Dr. Jerome Finkelstein, New York City
Finkelstein, a burn specialist at New York Hospital-Cornell Medical Center, began noticing in 1994 that a colleague was acting oddly. The other burn specialist blamed the death of three firefighters on nurses who wanted "to make him look bad," accused a secretary of having Mafia connections and confronted Finkelstein for "taking part in a conspiracy to interfere with [his] impending marriage." When Finkelstein reported the behavior, the hospital terminated his and the other doctor's faculty positions "because of the continued personal issues" between the two. Finkelstein also was transferred to a smaller hospital with no burn unit, and his salary was halved. He filed a suit over the actions, but in 2002 withdrew it. He is now director of the Staten Island University Hospital burn center.
Drs. Mark Murfin and Bruce Frank, Centralia, Ill.
Murfin and Frank were suspended at St. Mary's Hospital in 1994 for "disruptive behavior" after going public about what they described as the hospital's inadequate quality controls and the fact that Medicare patients were being hospitalized 60 percent longer than national average. Murfin eventually got his position back; Frank had to leave town after his patient referrals dropped 70 percent. Hospital spokeswoman Julie Long declined comment, noting that the hospital now has different leadership.
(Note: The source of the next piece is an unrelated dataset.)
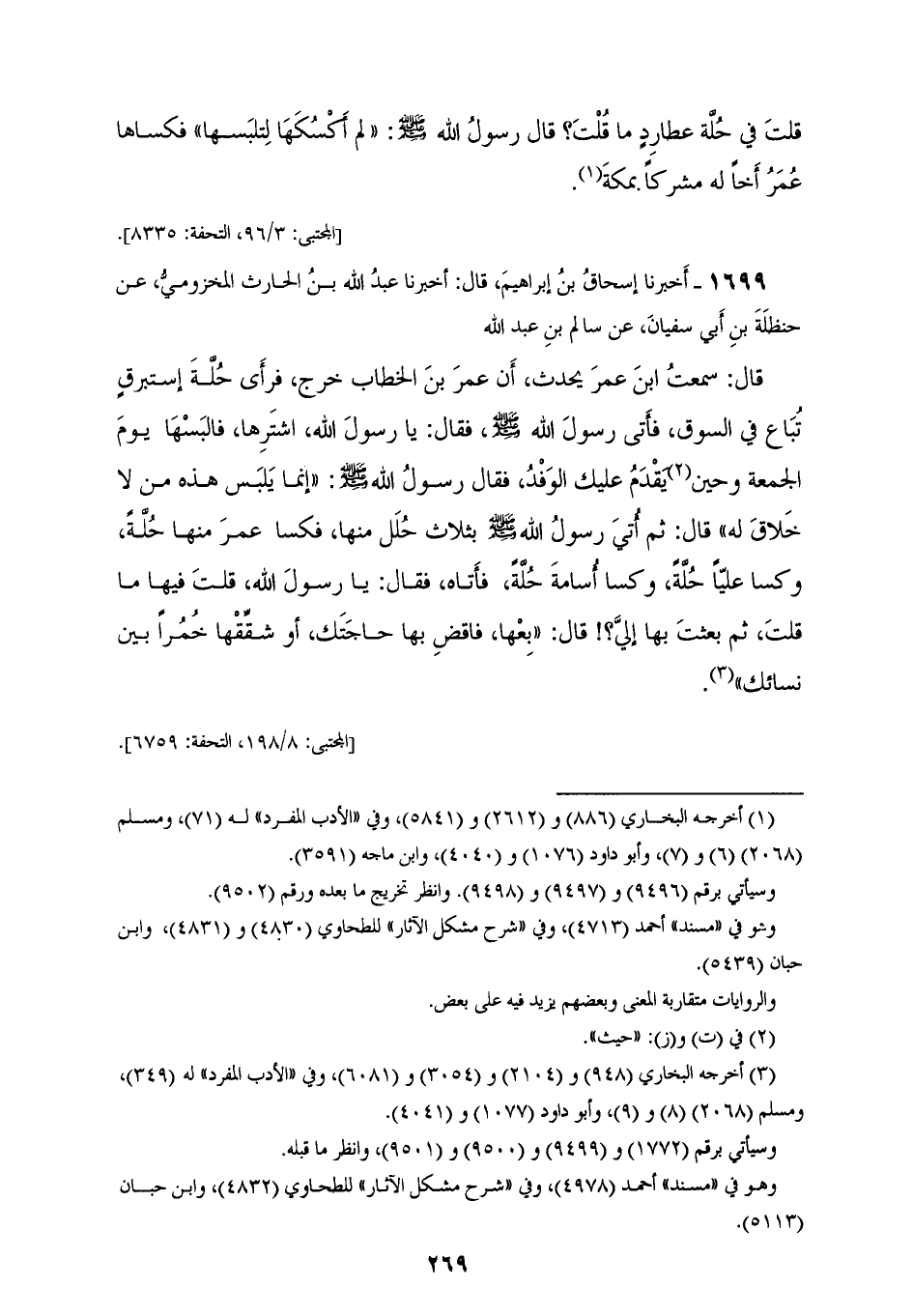 1699 - أَخْبَرَنَا إِسْحَاقُ بْنُ إِبْرَاهِيمَ، قَالَ: أَخْبَرَنَا عَبْدُ اللهِ بْنُ الْحَارِثِ الْمَخْزُومِيُّ، عَنْ حَنْظَلَةَ بْنِ أَبِي سُفْيَانَ، عَنْ سَالِمِ بْنِ عَبْدِ اللهِ، قَالَ: سَمِعْتُ ابْنَ عُمَرَ، يُحَدِّثُ أَنَّ عُمَرَ بْنَ الْخَطَّابِ، خَرَجَ فَرَأَى حُلَّةَ إِسْتَبْرَقٍ تُبَاعُ فِي السُّوقِ فَأَتَى رَسُولَ اللهِ صَلَّى اللهُ عَلَيْهِ وَسَلَّمَ فَقَالَ: يَا رَسُولَ اللهِ، اشْتَرِهَا فَالْبَسْهَا يَوْمَ الْجُمُعَةِ وَحِينَ يَقْدَمُ عَلَيْكَ الْوَفْدُ فَقَالَ رَسُولُ اللهِ صَلَّى اللهُ عَلَيْهِ وَسَلَّمَ: «§إِنَّمَا يَلْبَسُ هَذِهِ مَنْ لَا خَلَاقَ لَهُ»، قَالَ: ثُمَّ أَتَى رَسُولَ اللهِ صَلَّى اللهُ عَلَيْهِ وَسَلَّمَ بِثَلَاثِ حُلَلٍ مِنْهَا فَكَسَا عُمَرَ مِنْهَا حُلَّةً وَكَسَا عَلِيًّا حُلَّةً، وَكَسَا أُسَامَةَ حُلَّةً فَأَتَاهُ فَقَالَ: يَا رَسُولَ اللهِ، قُلْتَ فِيهَا مَا قُلْتَ ثُمَّ بَعَثْتَ بِهَا إِلَيَّ قَالَ: «بِعْهَا فَاقْضِ بِهَا حَاجَتَكَ أَوْ شَقِّقْهَا خُمُرًا بَيْنَ نِسَائِكَ»

Dr. David Shaller, Wilkes-Barre, Pa.
Shaller, 52, was fired from the Veterans Affairs Medical Center at Wilkes-Barre after trying to expose poor patient care, and his legal attempts to regain his position continue 13 years later. Shaller, chief of rheumatology and chief physician for the hospital's nursing home care unit, complained in 1988 when his hospital began transferring seriously ill patients from the facility's hospital to an adjacent nursing home. A hospital committee, which included the physician who ordered the patient transfers, decided Shaller's complaint had no validity. Afterward, he was transferred to lower level jobs, threatened with a sexual misconduct charge and eventually fired after he had complained about patient care to the VA inspector general's office. A congressional subcommittee looking at VA medical care later cited Shaller as one example of how "honest employees have had their jobs eliminated and their lives destroyed because they attempted to expose poor patient care." He has filed several lawsuits trying to get his job back, but has not been able to get a hearing on them.